____ Material for this task
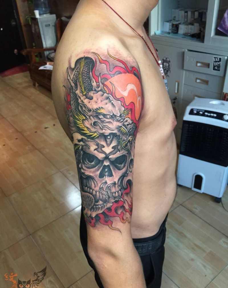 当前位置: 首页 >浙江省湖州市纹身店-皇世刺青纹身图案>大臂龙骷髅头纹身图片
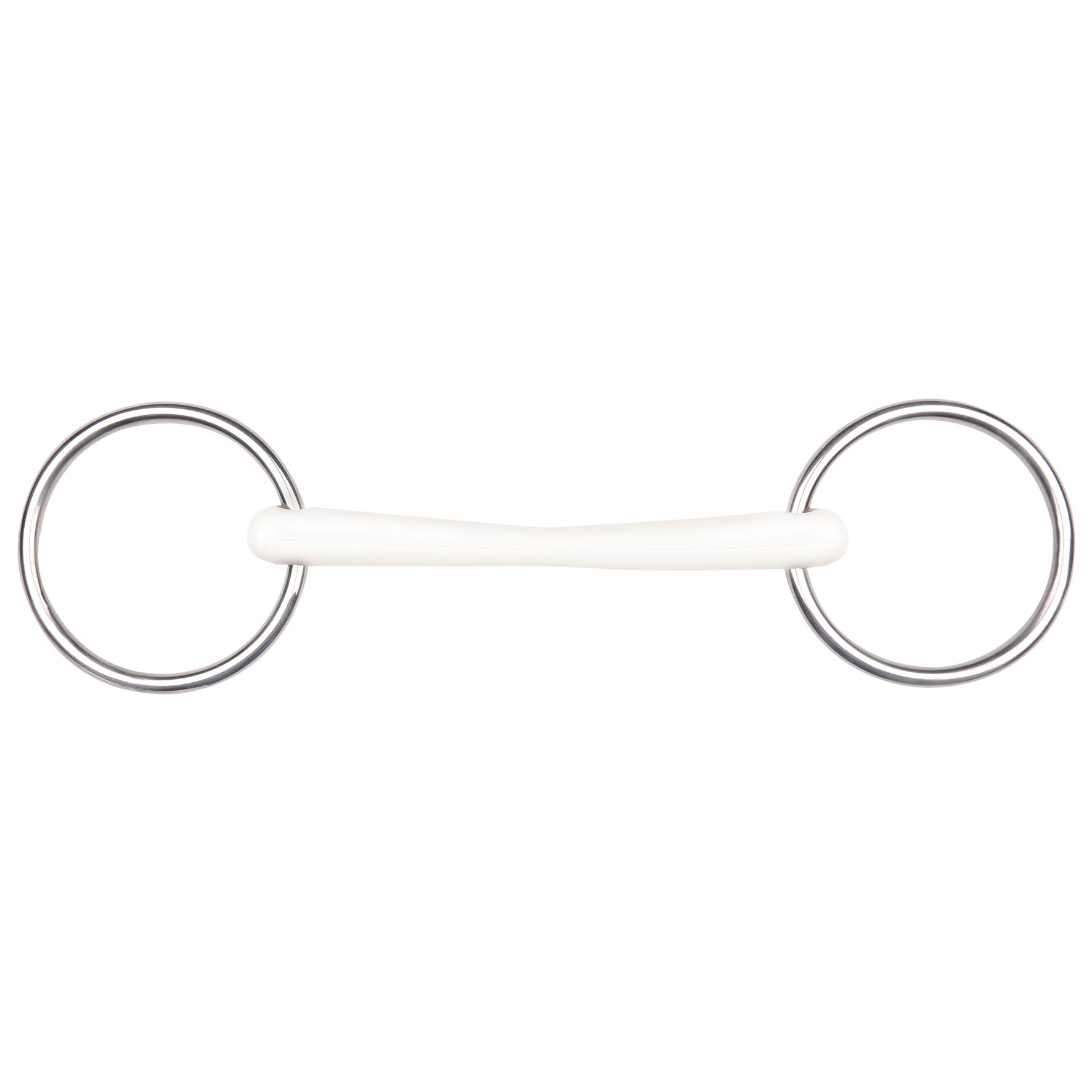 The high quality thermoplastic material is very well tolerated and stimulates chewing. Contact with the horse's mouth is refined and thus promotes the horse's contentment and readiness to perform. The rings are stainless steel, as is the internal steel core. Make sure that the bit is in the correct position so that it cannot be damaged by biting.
________
____ Material for this task
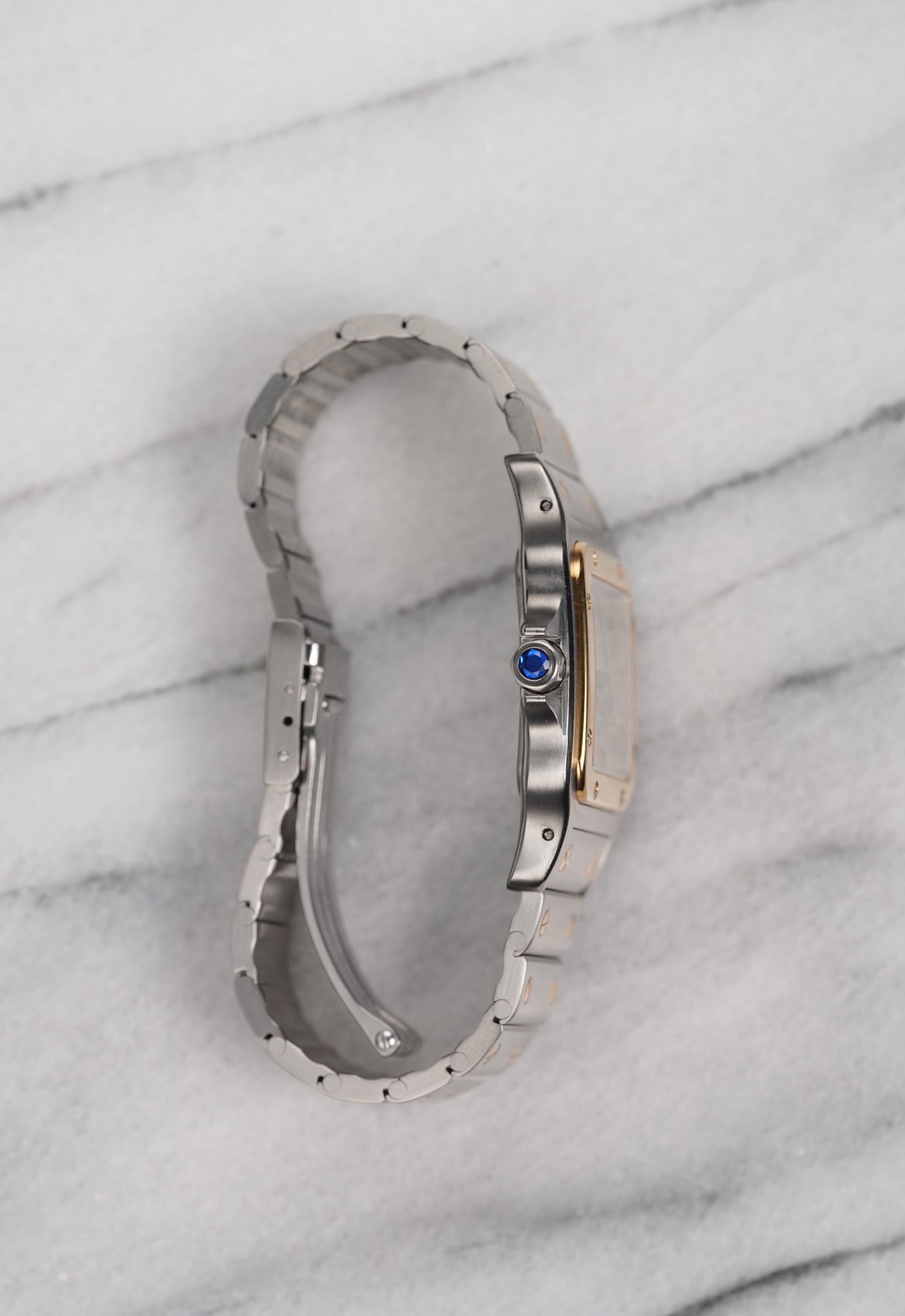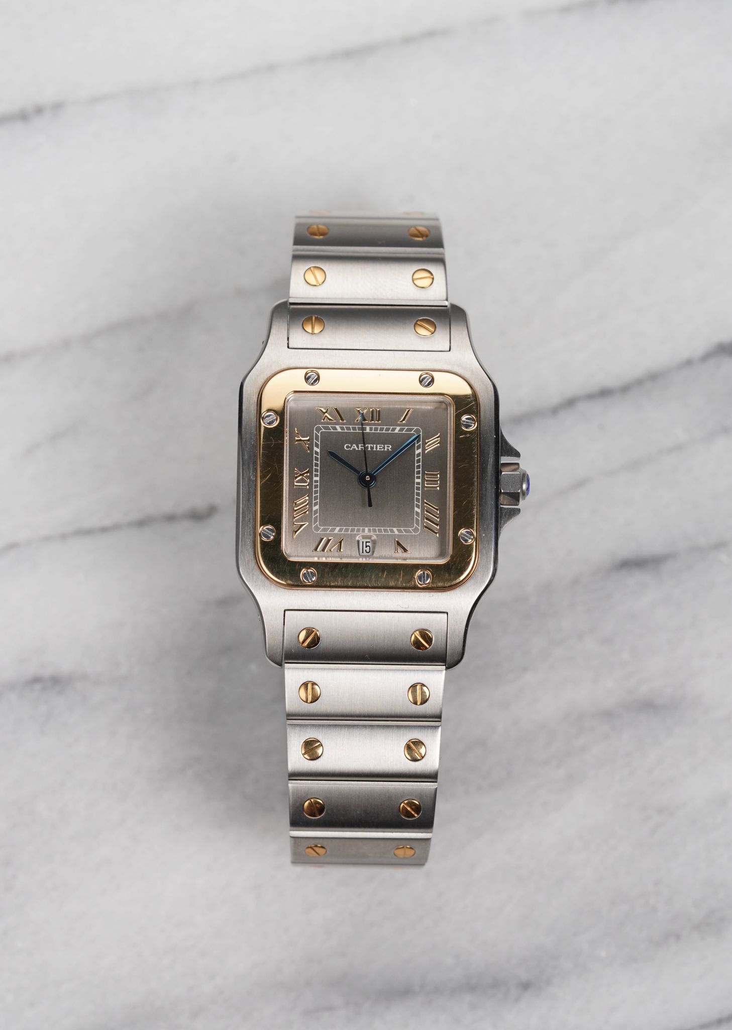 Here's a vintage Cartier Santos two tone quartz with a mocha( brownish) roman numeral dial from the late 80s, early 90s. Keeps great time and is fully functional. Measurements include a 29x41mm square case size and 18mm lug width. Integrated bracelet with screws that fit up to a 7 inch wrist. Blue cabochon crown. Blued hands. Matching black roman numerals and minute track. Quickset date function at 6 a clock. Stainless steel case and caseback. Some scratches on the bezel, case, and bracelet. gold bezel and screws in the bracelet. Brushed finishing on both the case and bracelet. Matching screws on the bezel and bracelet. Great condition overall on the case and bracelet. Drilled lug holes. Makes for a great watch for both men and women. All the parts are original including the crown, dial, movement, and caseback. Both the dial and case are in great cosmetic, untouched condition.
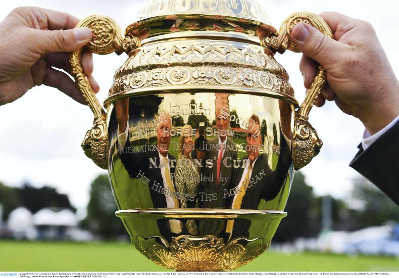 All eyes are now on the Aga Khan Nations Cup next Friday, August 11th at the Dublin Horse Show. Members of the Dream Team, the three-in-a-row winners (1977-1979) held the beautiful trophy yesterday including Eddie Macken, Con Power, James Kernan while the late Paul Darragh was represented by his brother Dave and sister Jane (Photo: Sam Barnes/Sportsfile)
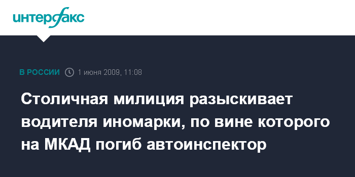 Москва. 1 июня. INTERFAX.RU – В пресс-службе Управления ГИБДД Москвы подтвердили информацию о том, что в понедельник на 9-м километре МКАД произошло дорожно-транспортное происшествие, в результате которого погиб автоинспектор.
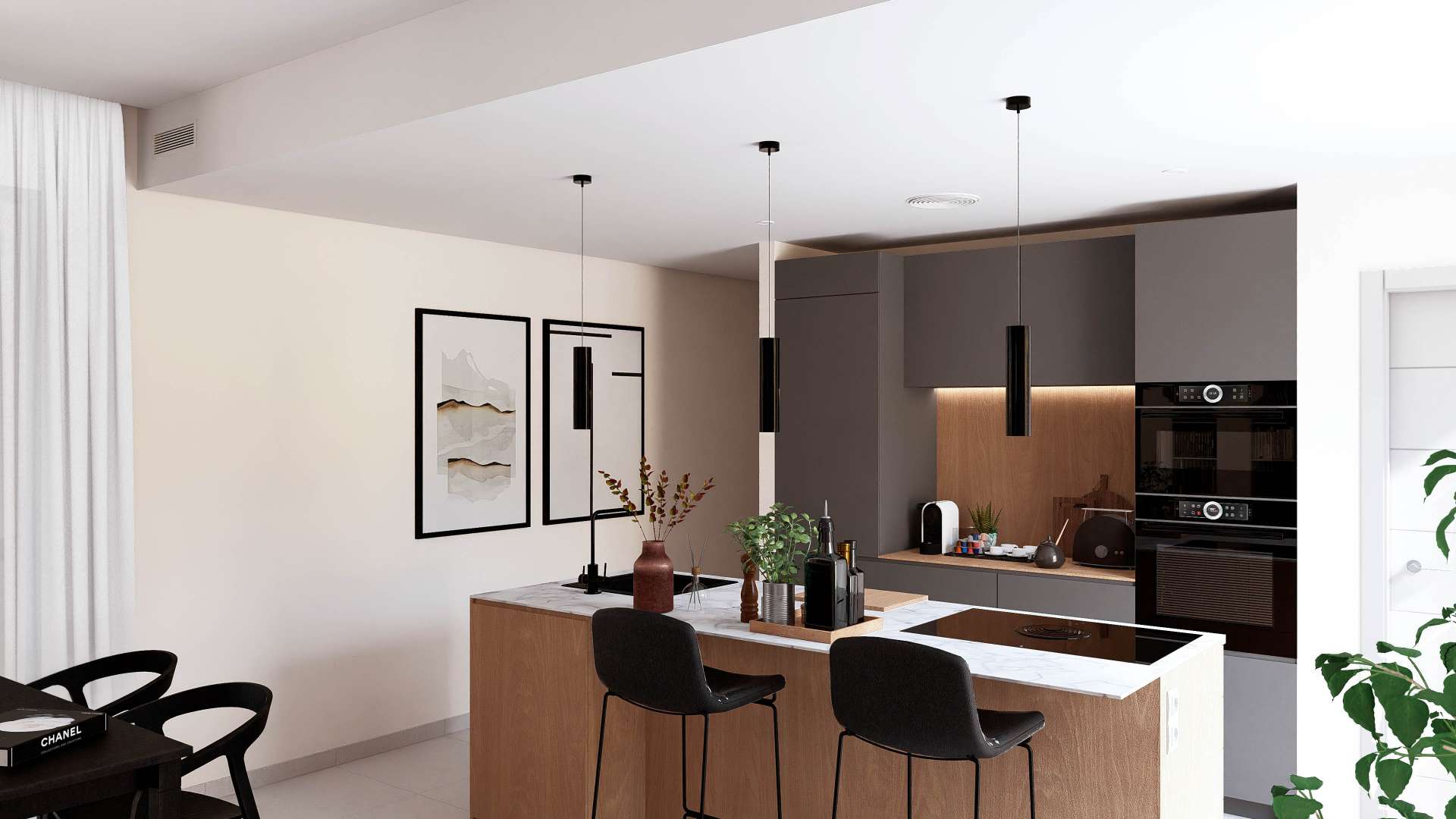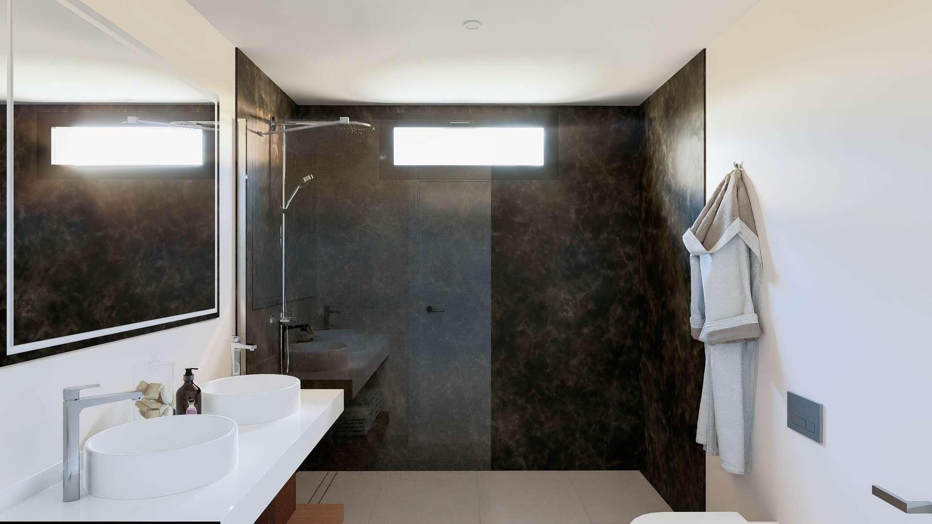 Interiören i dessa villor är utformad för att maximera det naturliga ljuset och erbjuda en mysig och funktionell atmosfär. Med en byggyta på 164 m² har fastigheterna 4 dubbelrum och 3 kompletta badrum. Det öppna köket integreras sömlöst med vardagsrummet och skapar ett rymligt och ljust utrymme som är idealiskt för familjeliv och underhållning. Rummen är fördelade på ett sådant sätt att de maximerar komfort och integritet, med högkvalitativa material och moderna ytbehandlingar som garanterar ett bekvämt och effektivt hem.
________
Exercise brief: Using the data above, return the lines from the one holding "当前位置: 首页 >浙江省湖州市纹身店-皇世刺青纹身图案>大臂龙骷髅头纹身图片" through the one holding "The high quality" exactly, but not the pictures.

Exercise response:
 当前位置: 首页 >浙江省湖州市纹身店-皇世刺青纹身图案>大臂龙骷髅头纹身图片
 The high quality thermoplastic material is very well tolerated and stimulates chewing. Contact with the horse's mouth is refined and thus promotes the horse's contentment and readiness to perform. The rings are stainless steel, as is the internal steel core. Make sure that the bit is in the correct position so that it cannot be damaged by biting.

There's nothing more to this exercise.